What should i use to do inference with this model? I tried GPTQ-for-LLaMa but it showed checkpoint shape mismatch errors.
Please show an error log, what specs you are running, any extensions like the text generation UI... etc. More info the better.
I just installed/tried the GPTQ-for-LLaMa code from github with the llama_inference.py. I tried many lora/non lora 4bit models from HF and it seems like only the ozcur/alpaca-native-4bit working for me. The other ones give RuntimeError: Error(s) in loading state_dict for LlamaForCausalLM: Missing key(s) in state_dict: ... Unexpected key(s) in state_dict: ... size mismatch for model.layers ... errors.

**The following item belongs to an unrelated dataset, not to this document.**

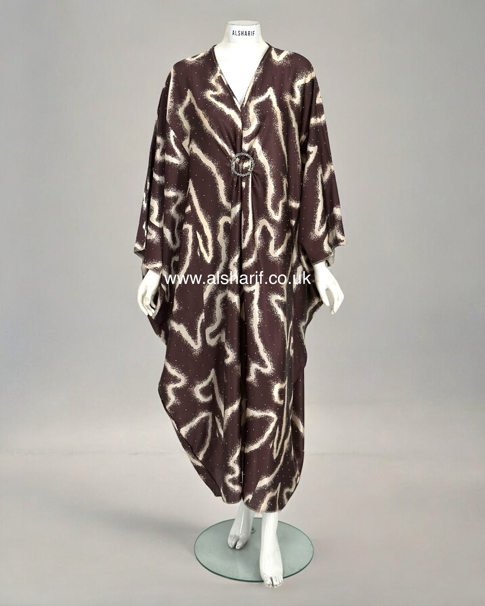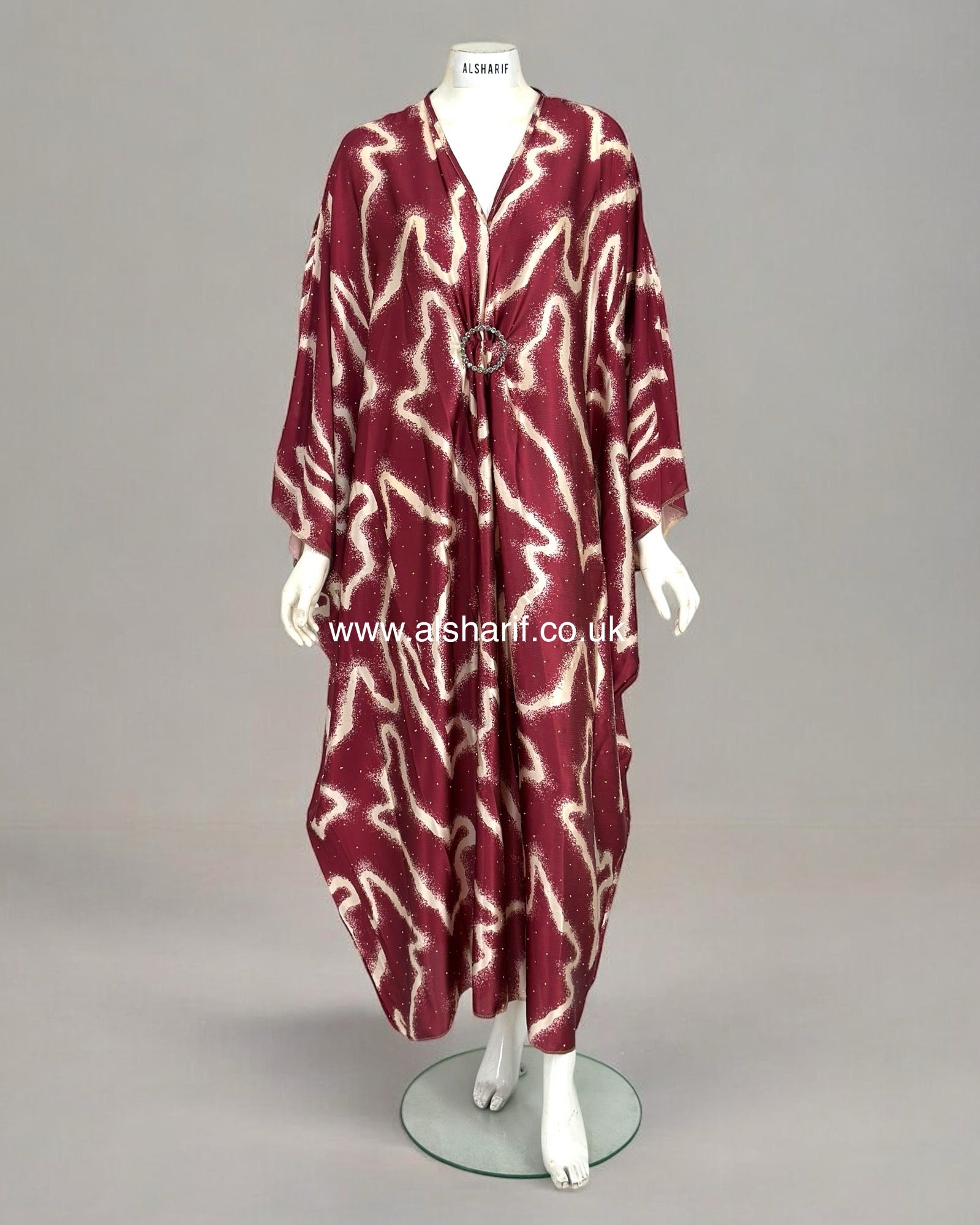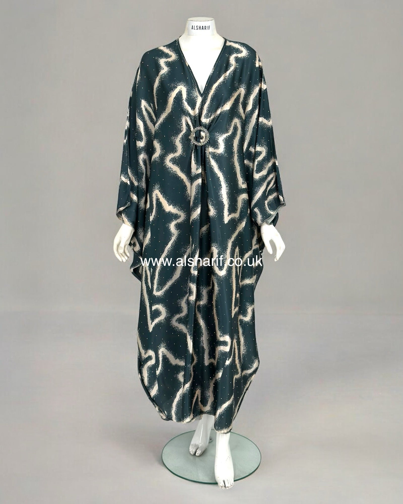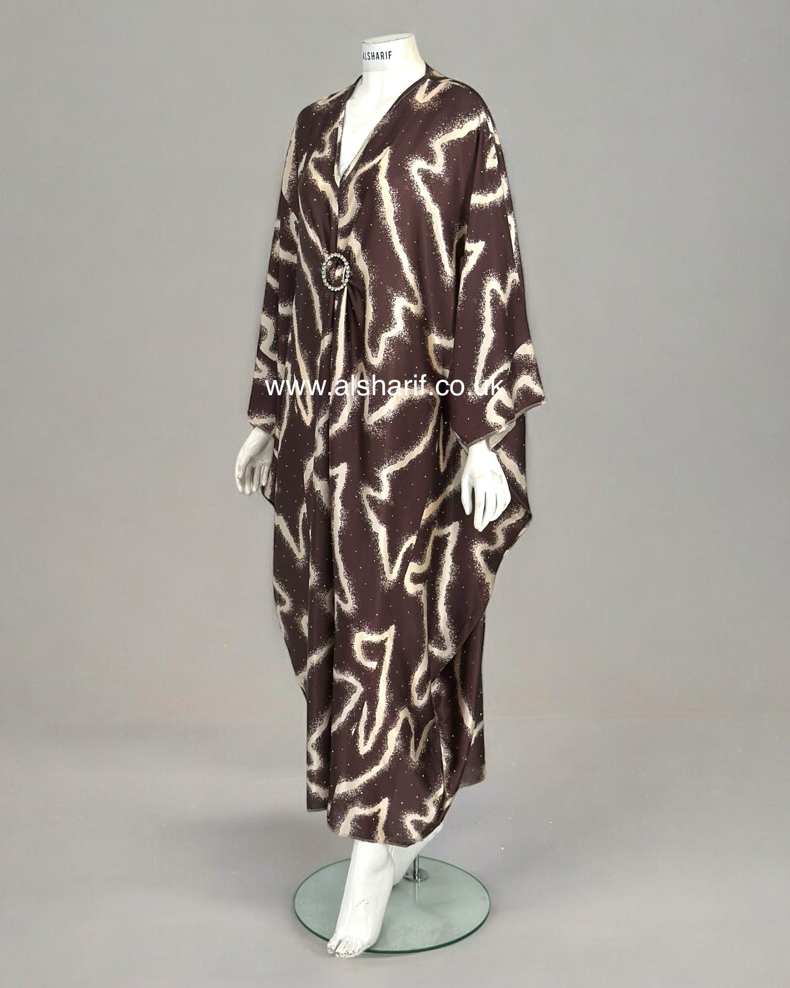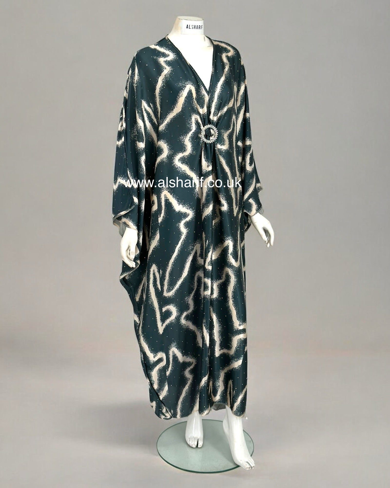 Rhinestone Satin Brooch Batwing Kaftan Dress

Must be a rename in one of the libs, i compared the missing/unexpected keys ex:
missing: model.layers.0.self_attn.q_proj.qzeros
unexpected: model.layers.0.self_attn.q_proj.zeros
Yep, seems like they renamed some stuff to broke the old stuff as usually happens:
https://github.com/qwopqwop200/GPTQ-for-LLaMa/commit/a270974e732884126ddb36f64d0a0a25261bb94f
If anyone has the same problem just downgrade to the older version of the lib:
git checkout 468c47c01b4fe370616747b6d69a2d3f48bab5e4
python setup_cuda.py install
Seems to be working fine now :)
Now we cannot use this fix since webui also updated. I got parameter mismatch if i checkout an older commit
New model is uploaded, going to close this issue.
New model is uploaded, going to close this issue.
Any idea why text-generation-webui cannot find config.json file? I have everything needed in the folder.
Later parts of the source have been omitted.